What are the lines from the top of the entries below through the line containing "Stay organized and"? Return them exactly, both ends included, without the pictures.

Top of Data under study

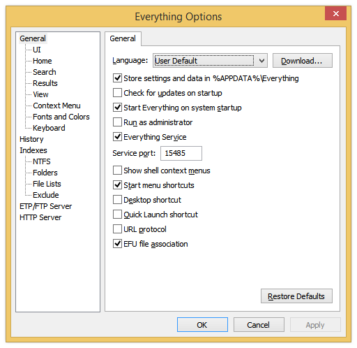 Everything Search Engine uses minimal resources and has an extremely clean and straightforward user interface that allows for quick and simple file indexing, searching as well as the ability to share files with others easily.
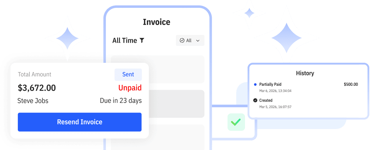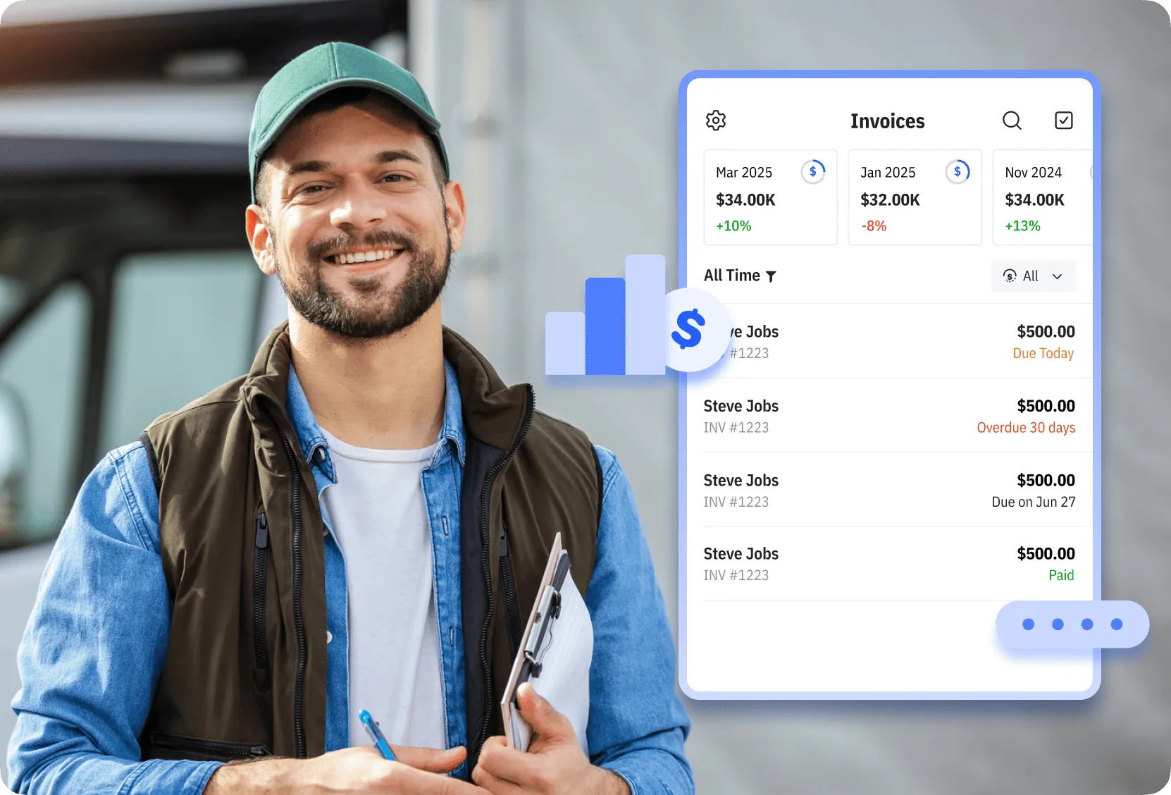 Stay organized and never lose track of your payments. See which invoices are paid, pending, or overdue at a glance.
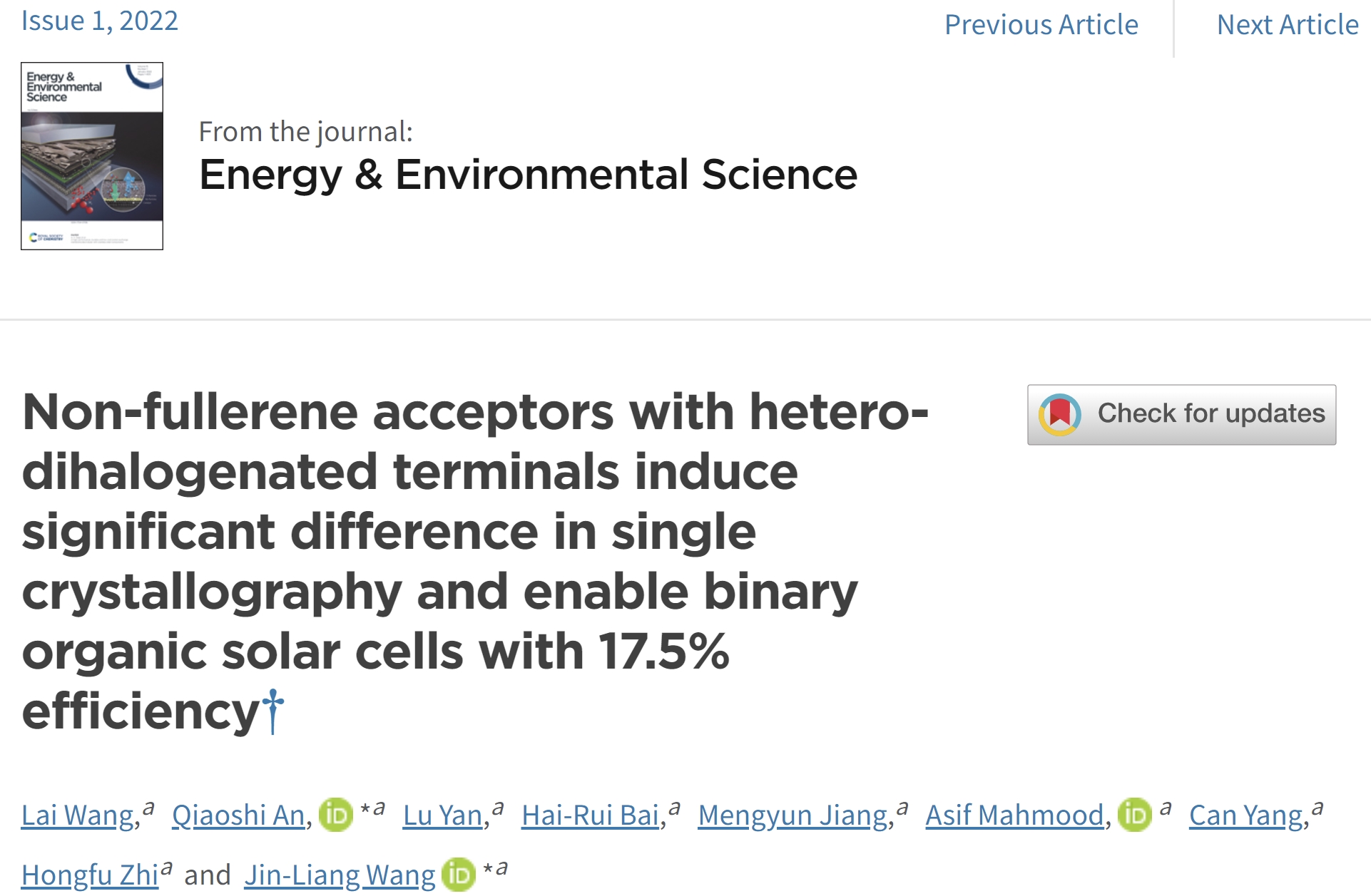 日前,北理工团队在基于异双卤代末端基的聚合物太阳能电池受体材料领域取得进展,相关研究成果以“Non-fullerene acceptors with hetero-dihalogenated terminals induce significant difference in single crystallography and enable binary organic solar cells with 17.5% efficiency”为题,发表在国际顶级能源期刊《Energy & Environmental Science》上(2022, 15 , 320-333)上。化学与化工学院硕士生王来为该论文的第一作者,化学与化工学院王金亮教授和安桥石特别研究员为共同通讯作者,北京成品人和一品二品的区别为唯一通讯单位。
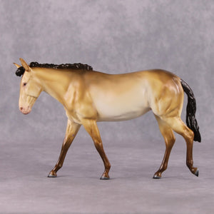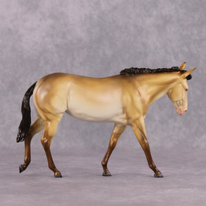 Tiffany took our Pebble mule and gave her a customized lightly turned head and neck and an ear twitch, and then finished her in a really cool shaded amber champagne. The dimension in this piece is incredible, and Tiffany really nailed this very difficult to execute color!
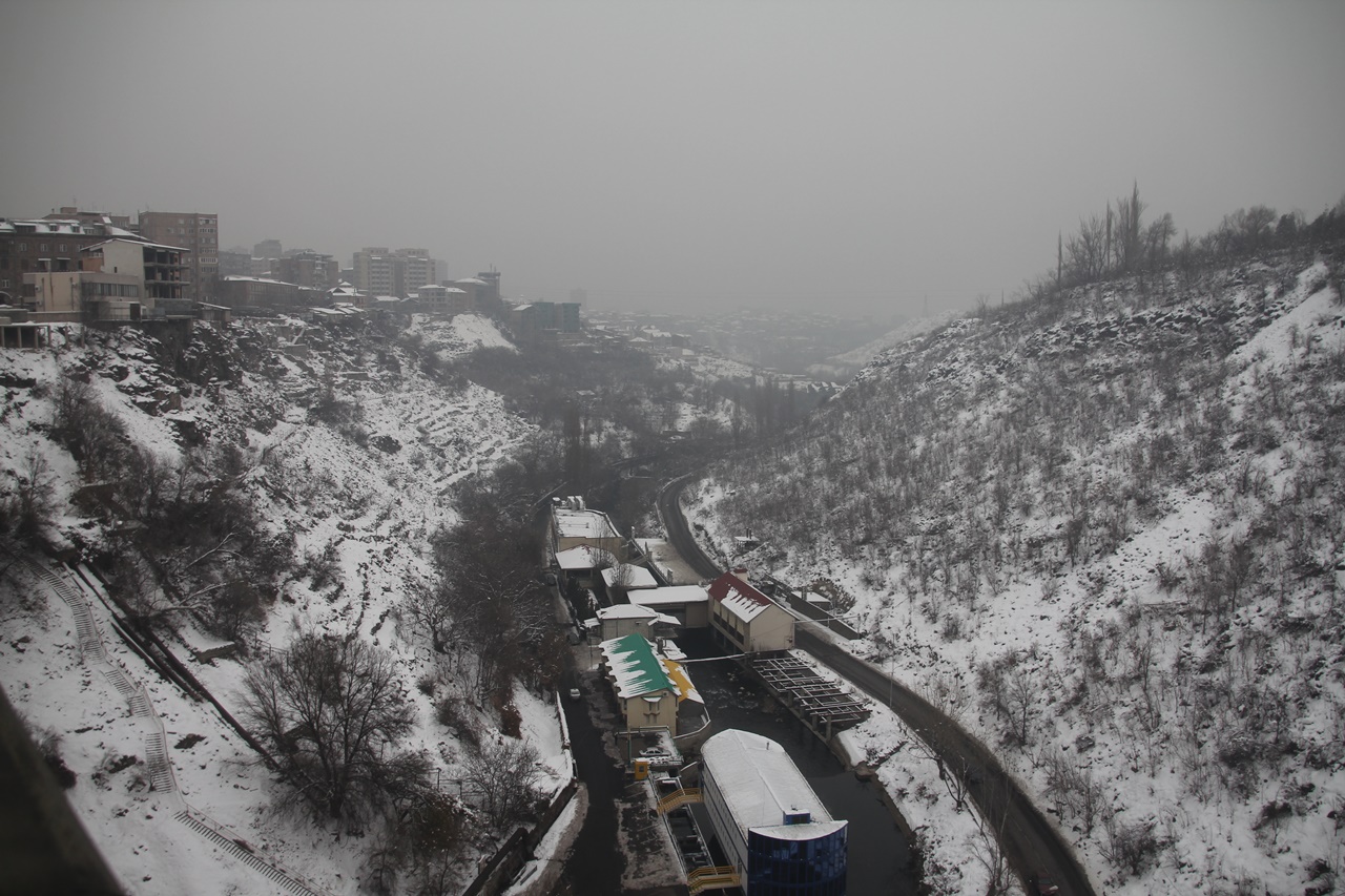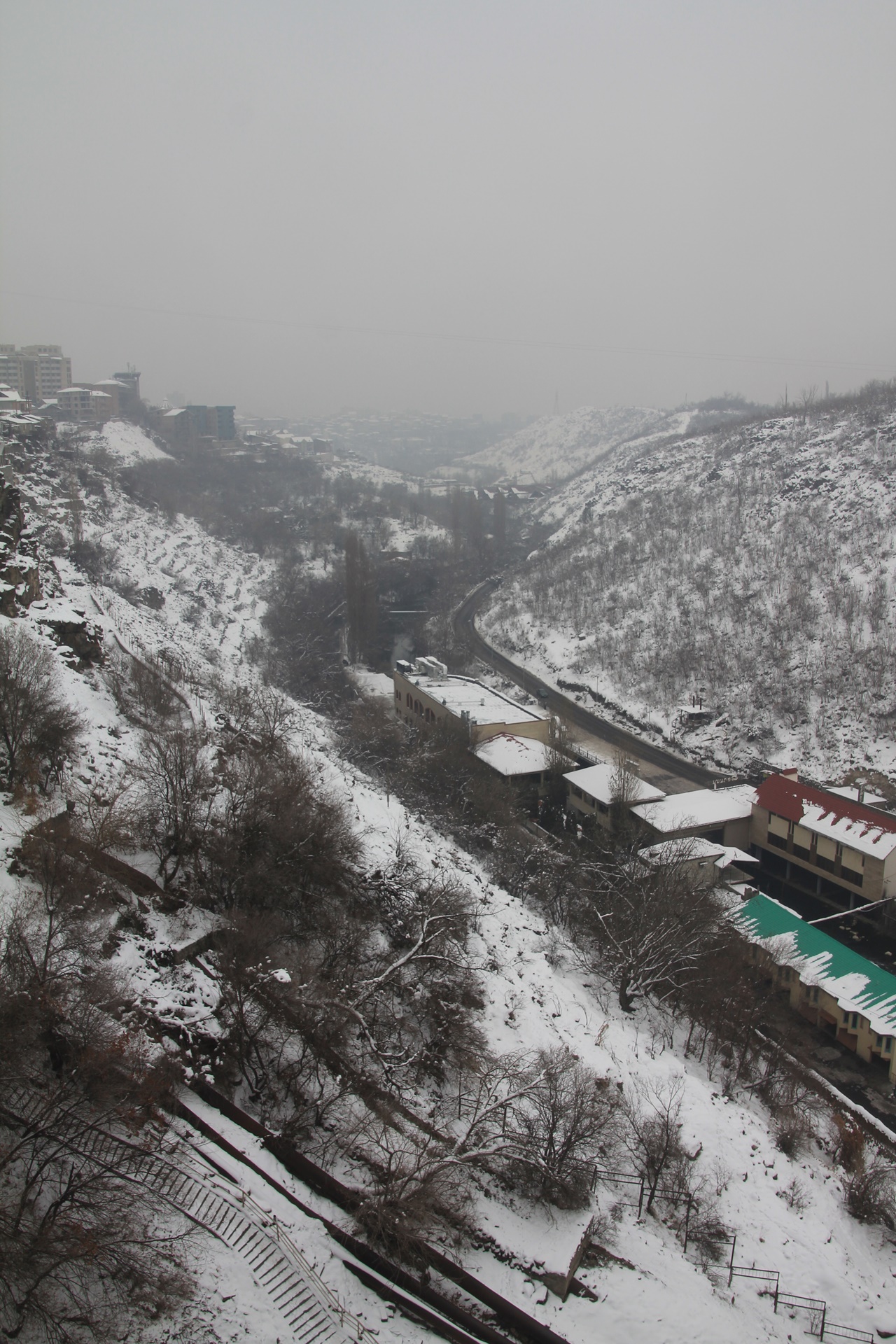 하늘은 구름이 잔뜩 끼어있고, 지붕마다 눈을 이고 있는 집들이 줄지어 보인다. 어제도 썼지만, 예레반에서 쨍한 날씨를 언제 봤는지 기억이 없다. 이런 날이 겨울철 내내 이어진다면 누구라도 우울증에 걸릴 것 같다.

Bottom of Data under study

Task output
 Everything Search Engine uses minimal resources and has an extremely clean and straightforward user interface that allows for quick and simple file indexing, searching as well as the ability to share files with others easily.
 Stay organized and never lose track of your payments. See which invoices are paid, pending, or overdue at a glance.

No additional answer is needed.